[RECORDS SHOWN — start]

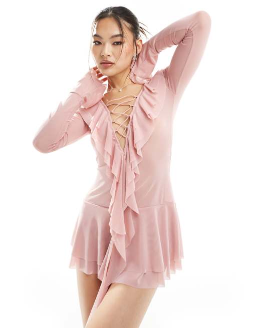 Murci – Superkurzes Minikleid aus Netzstoff in Rosa mit Rüschendetail und tiefem, geschnürtem Ausschnitt
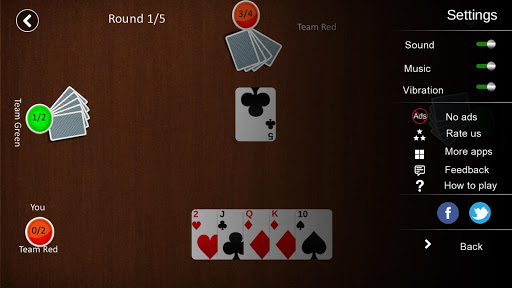 This is 4-player trick-taking game where user has to bid whist from 13 cards. In spade gameplay, all four players bid a number of tricks. Each team adds together the bids of the two partners, and the total is the number of tricks that team must try to win in order to get a positive score. The bidding begins with the player to dealer's left and continues clockwise around the table. Plan and strategize move to compete and win the game. Gameplay match with bridge card and is a descendant of the Whist family.
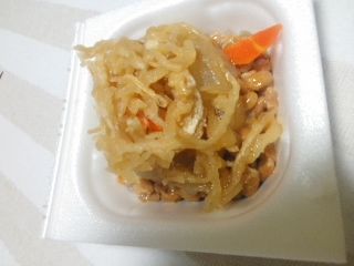 小さい頃、うちの子は三人とも食が細かった。幼稚園にあがるまでは、納豆とヨーグルトと緑の野菜ジュースだけで育てたといってもいいくらいだ。特にみしゃおは三食のみならず、おやつまで納豆ご飯。以前ほどでもないが、今でも納豆は常備している。そして相変わらず、すごい勢いで消費している。納豆が安くてよかったと心から思う。子どもだけではなく、私も納豆好き。関西人だけど、納豆好き。そして最近のお気に入りの食べ方がこれ。納豆+添付のタレ+たまねぎ氷(凍ってないけど)+切干大根の煮物これを混ぜ混ぜして、ごはんにのっけて食べるのだ。おいし~よ切干大根は甘酢漬けのときもある。こっちも美味しい。ちょっとおまけの話。私は子供のころから普通に納豆を食べて育ったが、母は納豆を食べたことがなかったそうな。なのになぜか、私がお腹にいるときに、急に食べたくなったんだって。不思議だね。
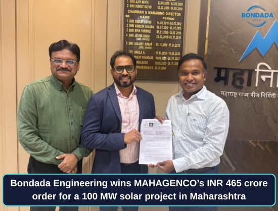 Bondada Engineering has received Letter of Award worth INR 465 crore from Maharashtra State Power Generation Company (MAHAGENCO) to set up a 100 MW solar power project in Maharashtra.
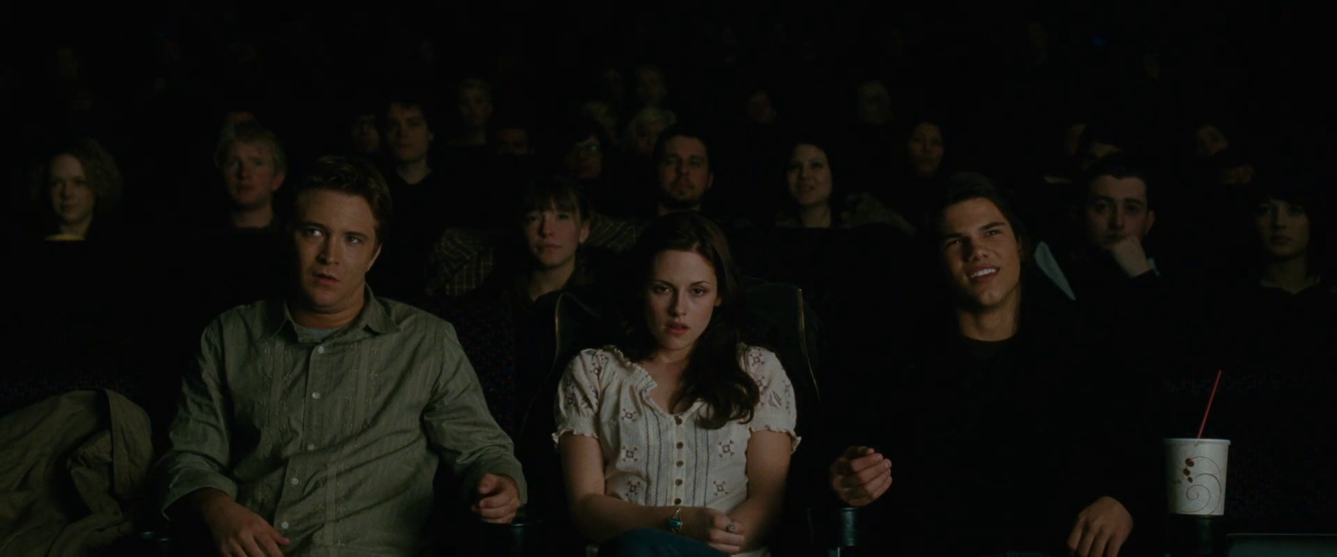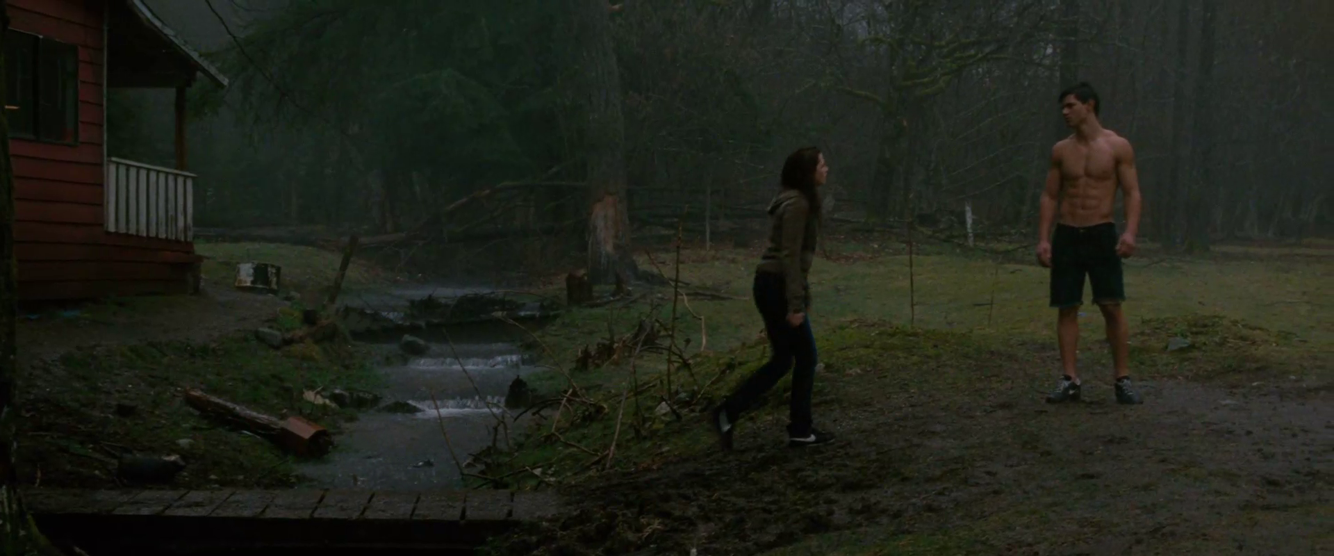 Then some action happens -- Laurent, the one black man allowed in these films, jumps Bella in the woods to try and take revenge for his serial killer buddy’s death at the end of the last movie, and gets torn apart by the werewolf pack -- and Jacob shows up again, shirtless again, in Bella’s bedroom to apologize. What I appreciate about Stewart’s performance of Bella here is that she is not only incredibly distracted by the body transformation that Jacob has undergone (in real life, Lautner put on like thirty pounds of muscle in three months to keep his job, which, again ties into the RS Benedict essay linked just up the page), but she is openly confused by it, brow furrowed, mouth agape, staring at the eight pack. Anyway, in this scene Jacob is pulling another move directly out of Edward’s playbook, which is the ol’ “I wish I could tell you, but you wouldn’t understand!” (At this point she knows werewolves exist, but not that he is one; very silly.) From a werewolf this thankfully comes off as pouty and self-loathing, something that approximates the actual intended effect -- bless his heart, he doesn’t understand just how much kinky monster fic this lady has been reading, and also he’s not real good with words. When Edward pulls this move, it comes off so unbearably condescending it can’t be read as anything other than infantilizing.
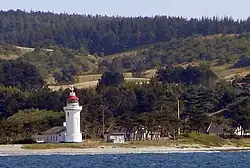 The hilly countryside with a long and accessible coastline in a mild, not to hot, summer climate is an attraction. Sletterhage Fyr, an old lighthouse in southwestern Helgenæs, and Tyskertårnet, a concrete watchtower built during the German occupation in World War II, are also visited by many guests. In the southwestern part of Helgenæs, in the town of Ørby, is a gallery with the paintings of Bo Bendixen, a noted Danish painter.[6]
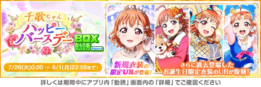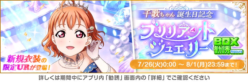 株式会社ブシロード(本社:東京都中野区、代表取締役社長:木谷高明)は、KLab株式会社(本社:東京都港区、代表取締役社長:森田英克)と共同開発いたしましたスマートフォン向けアプリ『ラブライブ!スクールアイドルフェスティバル』(以下、スクフェス) においてAqours高海千歌誕生日記念キャンペーンの開催をお知らせいたします。
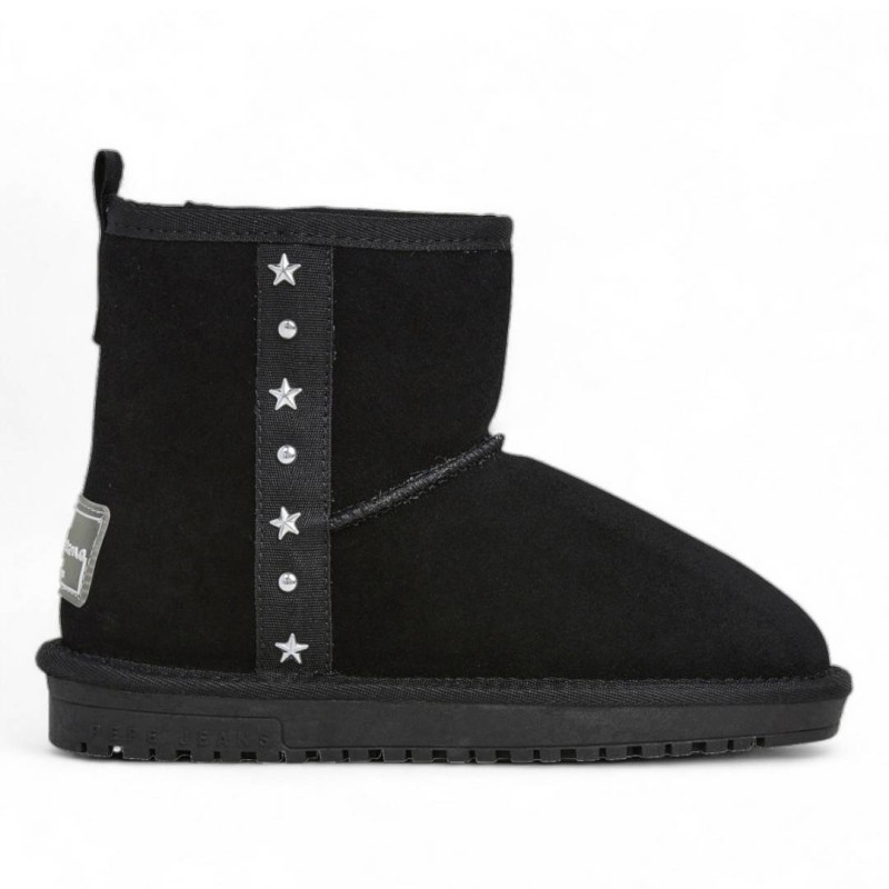 Botines para niña de la marca Pepe Jeans, modelo Diss Rock en color negro, de estilo australianas, que combinan diseño moderno y comodidad para los más pequeños. Este calzado destaca por su tira lateral decorada con tachuelas en forma de estrella, que aporta un toque divertido y original al look. Fabricados en ante de alta calidad, los botines ofrecen durabilidad, resistencia y un ajuste seguro. Su suela resistente y antideslizante garantiza estabilidad y confort en cada paso, haciendo de los Diss Rock la opción perfecta para el día a día, actividades escolares o paseos urbanos.

[RECORDS SHOWN — finish]

◆ TASK GOAL ◆
Nothing except the lines from the one containing "Bondada Engineering has" through the one containing "Then some action" should appear in the answer, exactly as above and without pictures.

◆ THE ANSWER ◆
 Bondada Engineering has received Letter of Award worth INR 465 crore from Maharashtra State Power Generation Company (MAHAGENCO) to set up a 100 MW solar power project in Maharashtra.
 Then some action happens -- Laurent, the one black man allowed in these films, jumps Bella in the woods to try and take revenge for his serial killer buddy’s death at the end of the last movie, and gets torn apart by the werewolf pack -- and Jacob shows up again, shirtless again, in Bella’s bedroom to apologize. What I appreciate about Stewart’s performance of Bella here is that she is not only incredibly distracted by the body transformation that Jacob has undergone (in real life, Lautner put on like thirty pounds of muscle in three months to keep his job, which, again ties into the RS Benedict essay linked just up the page), but she is openly confused by it, brow furrowed, mouth agape, staring at the eight pack. Anyway, in this scene Jacob is pulling another move directly out of Edward’s playbook, which is the ol’ “I wish I could tell you, but you wouldn’t understand!” (At this point she knows werewolves exist, but not that he is one; very silly.) From a werewolf this thankfully comes off as pouty and self-loathing, something that approximates the actual intended effect -- bless his heart, he doesn’t understand just how much kinky monster fic this lady has been reading, and also he’s not real good with words. When Edward pulls this move, it comes off so unbearably condescending it can’t be read as anything other than infantilizing.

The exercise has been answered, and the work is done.